==== EXTRACTED INFORMATION

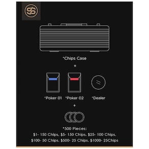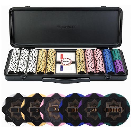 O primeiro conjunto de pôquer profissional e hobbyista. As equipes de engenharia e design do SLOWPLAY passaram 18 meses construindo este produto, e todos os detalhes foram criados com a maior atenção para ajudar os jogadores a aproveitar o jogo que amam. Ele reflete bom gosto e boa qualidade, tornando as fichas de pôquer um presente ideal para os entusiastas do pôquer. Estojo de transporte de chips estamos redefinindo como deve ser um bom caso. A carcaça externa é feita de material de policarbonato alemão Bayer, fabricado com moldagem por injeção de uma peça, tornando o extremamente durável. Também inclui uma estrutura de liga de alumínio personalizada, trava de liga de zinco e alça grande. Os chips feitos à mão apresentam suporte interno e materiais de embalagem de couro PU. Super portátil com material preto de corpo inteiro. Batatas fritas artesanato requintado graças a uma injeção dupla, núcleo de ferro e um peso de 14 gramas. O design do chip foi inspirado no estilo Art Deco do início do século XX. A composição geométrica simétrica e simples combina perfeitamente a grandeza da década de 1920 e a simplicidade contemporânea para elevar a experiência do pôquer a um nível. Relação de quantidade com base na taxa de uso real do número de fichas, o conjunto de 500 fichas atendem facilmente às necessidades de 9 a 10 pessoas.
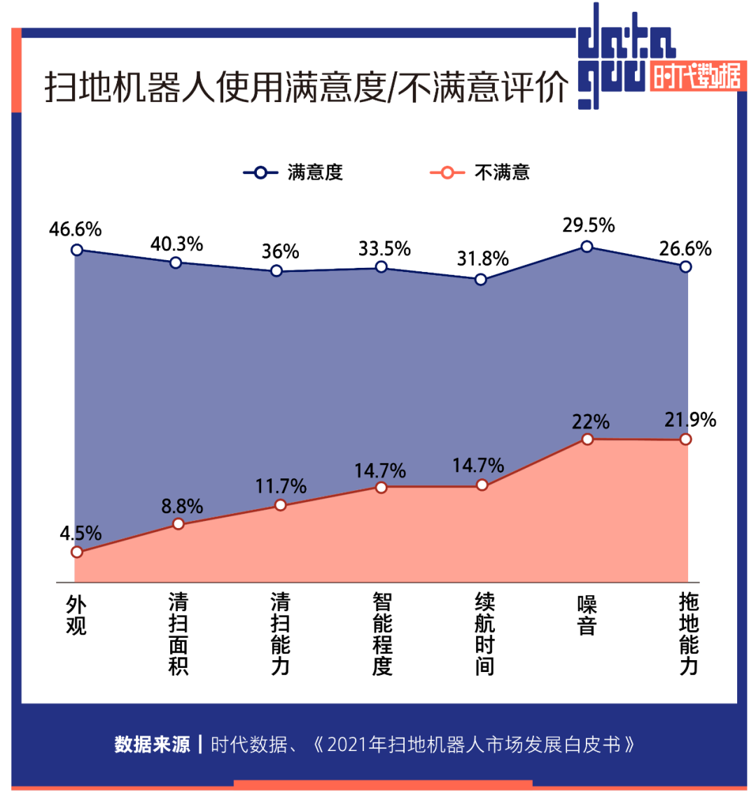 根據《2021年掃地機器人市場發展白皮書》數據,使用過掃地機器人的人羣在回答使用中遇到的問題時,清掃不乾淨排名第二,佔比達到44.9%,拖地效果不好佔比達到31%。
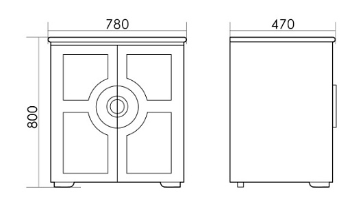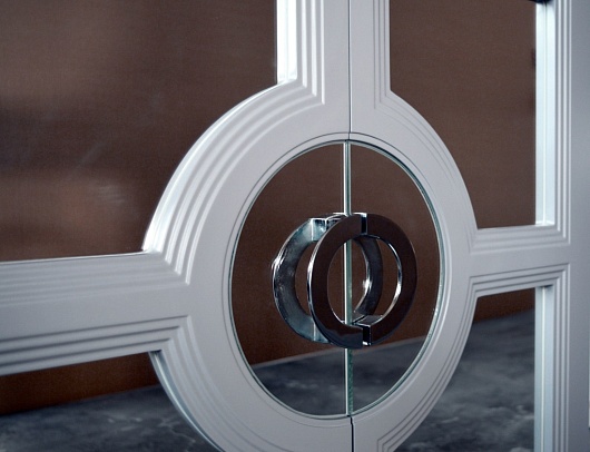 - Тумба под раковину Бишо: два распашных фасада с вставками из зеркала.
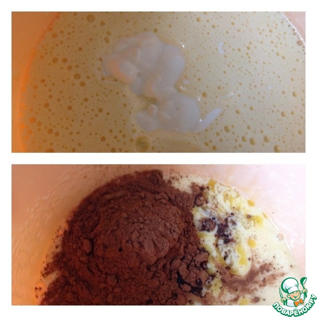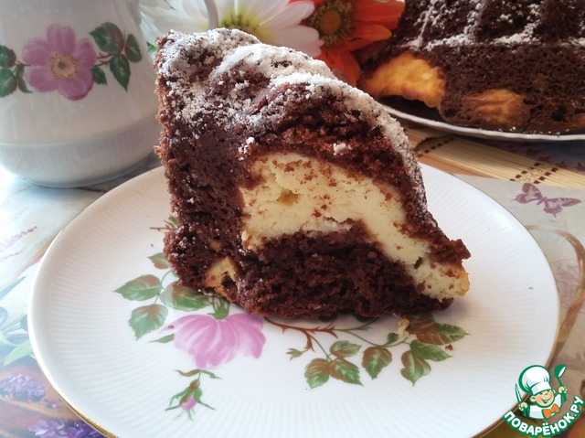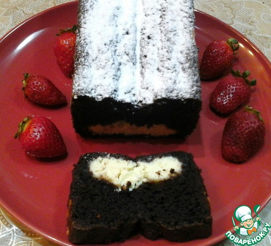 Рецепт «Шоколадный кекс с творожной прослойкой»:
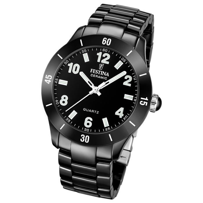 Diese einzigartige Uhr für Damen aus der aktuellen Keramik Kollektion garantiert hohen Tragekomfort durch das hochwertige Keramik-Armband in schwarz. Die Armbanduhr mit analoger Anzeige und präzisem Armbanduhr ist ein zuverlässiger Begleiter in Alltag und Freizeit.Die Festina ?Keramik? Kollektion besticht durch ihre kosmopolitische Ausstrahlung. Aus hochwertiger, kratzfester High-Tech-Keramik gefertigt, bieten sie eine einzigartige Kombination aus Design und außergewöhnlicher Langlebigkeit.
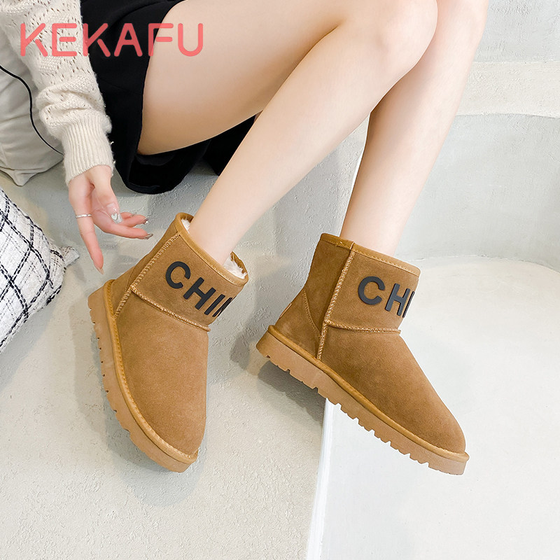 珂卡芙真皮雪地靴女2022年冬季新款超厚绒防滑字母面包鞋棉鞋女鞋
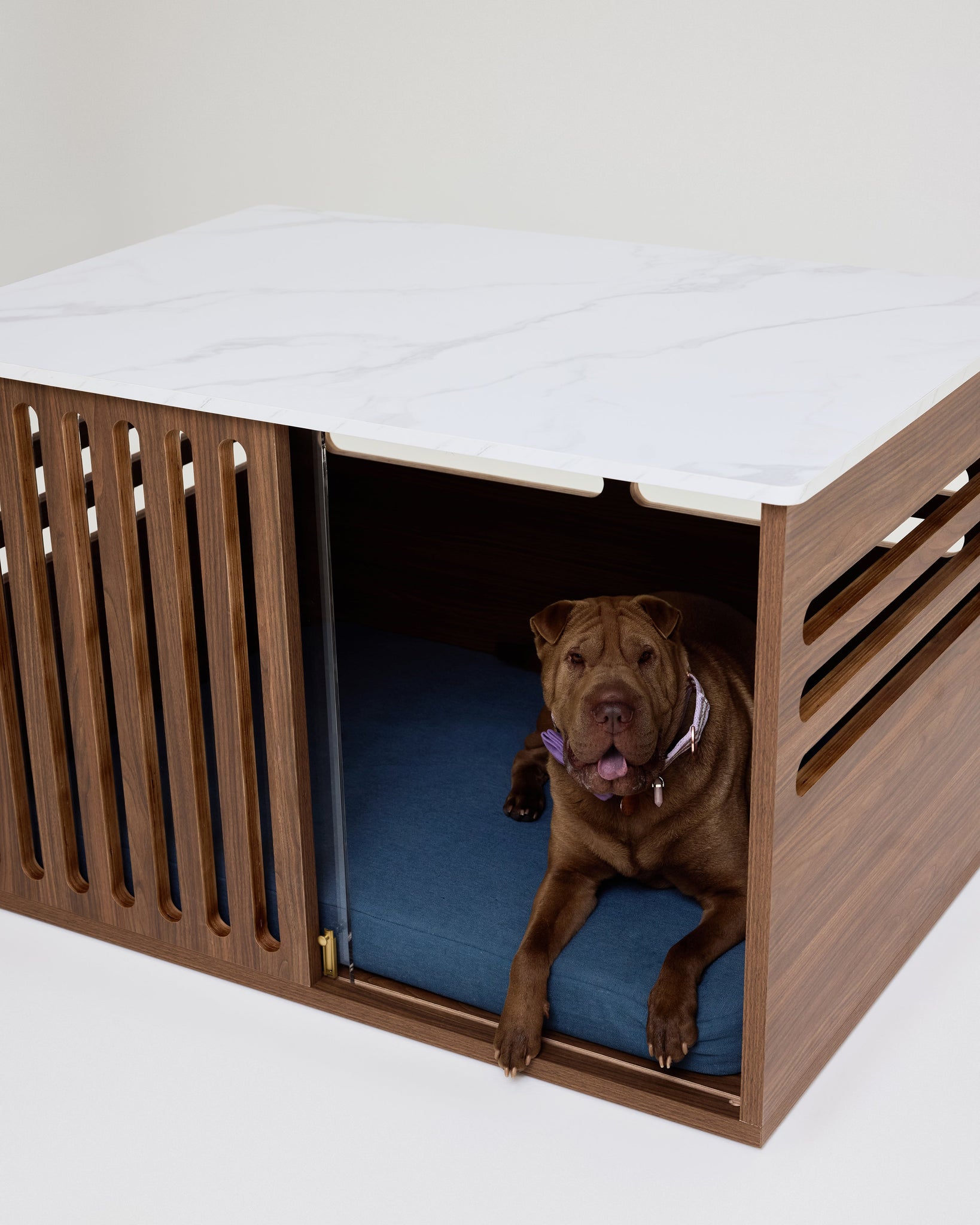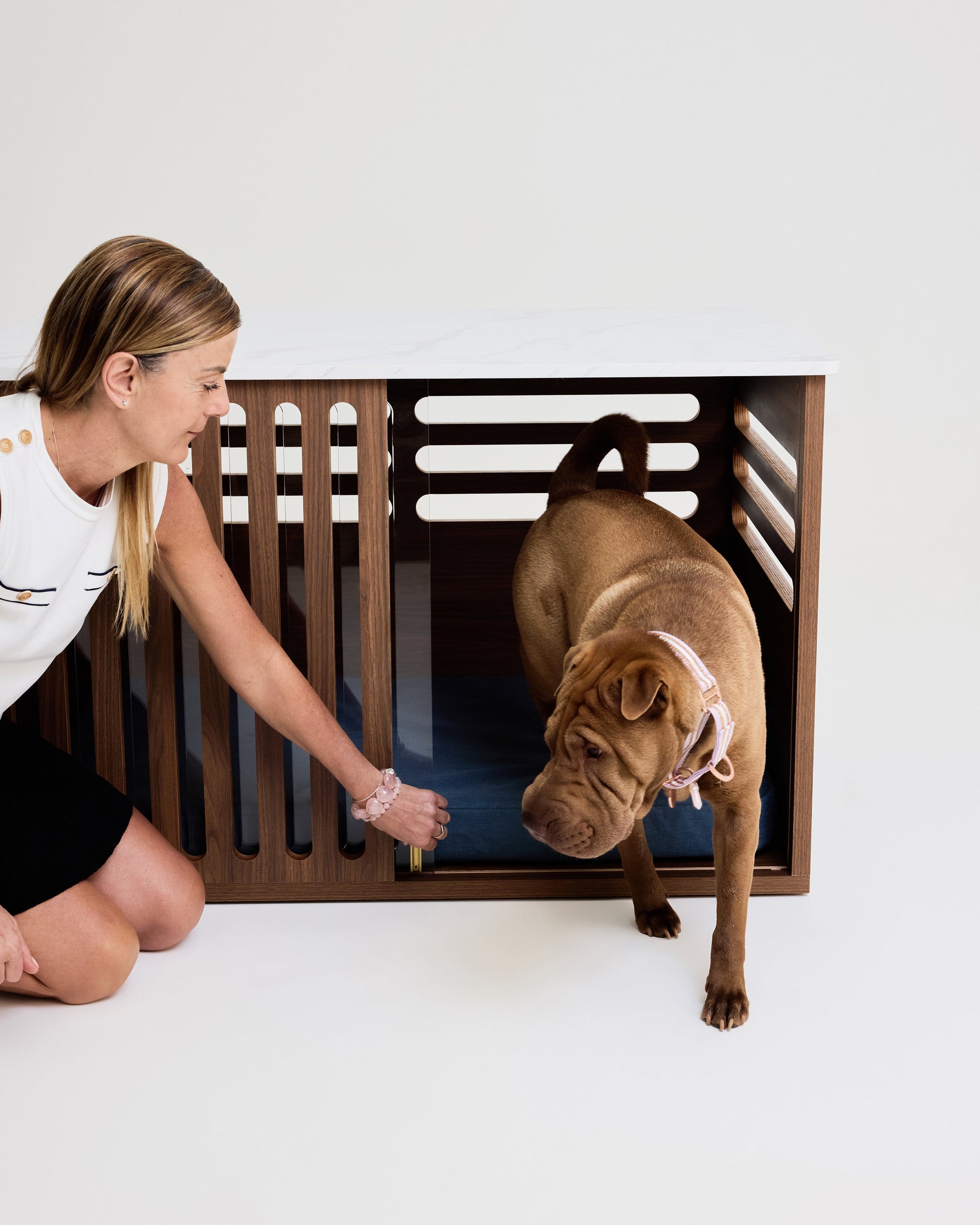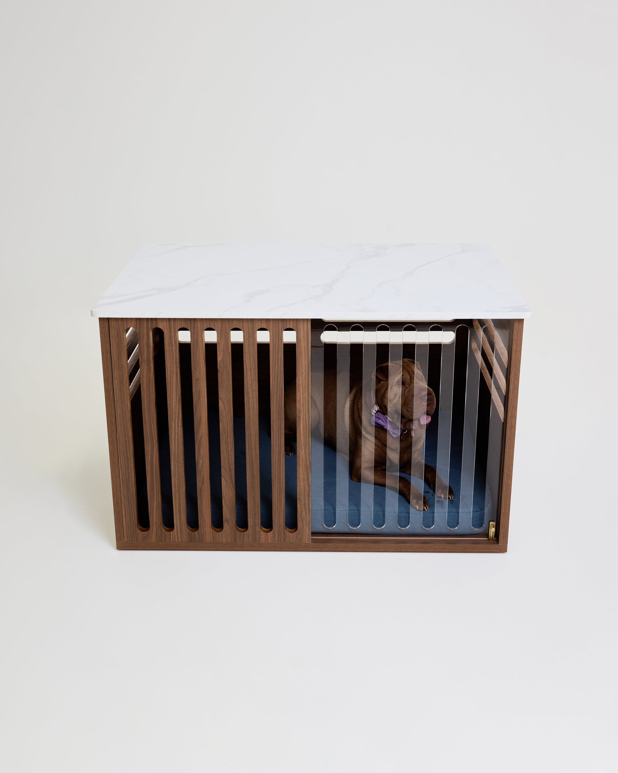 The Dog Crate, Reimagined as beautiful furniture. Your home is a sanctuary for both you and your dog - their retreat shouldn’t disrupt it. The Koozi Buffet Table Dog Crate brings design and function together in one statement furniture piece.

========

§ **WORK INSTRUCTION**
Skip all pictures. Then give again, exactly, each line from the line holding "Diese einzigartige Uhr" through the last line of the listing above, both ends included.

§ **RESPONSE BOX**
 Diese einzigartige Uhr für Damen aus der aktuellen Keramik Kollektion garantiert hohen Tragekomfort durch das hochwertige Keramik-Armband in schwarz. Die Armbanduhr mit analoger Anzeige und präzisem Armbanduhr ist ein zuverlässiger Begleiter in Alltag und Freizeit.Die Festina ?Keramik? Kollektion besticht durch ihre kosmopolitische Ausstrahlung. Aus hochwertiger, kratzfester High-Tech-Keramik gefertigt, bieten sie eine einzigartige Kombination aus Design und außergewöhnlicher Langlebigkeit.
 珂卡芙真皮雪地靴女2022年冬季新款超厚绒防滑字母面包鞋棉鞋女鞋
 The Dog Crate, Reimagined as beautiful furniture. Your home is a sanctuary for both you and your dog - their retreat shouldn’t disrupt it. The Koozi Buffet Table Dog Crate brings design and function together in one statement furniture piece.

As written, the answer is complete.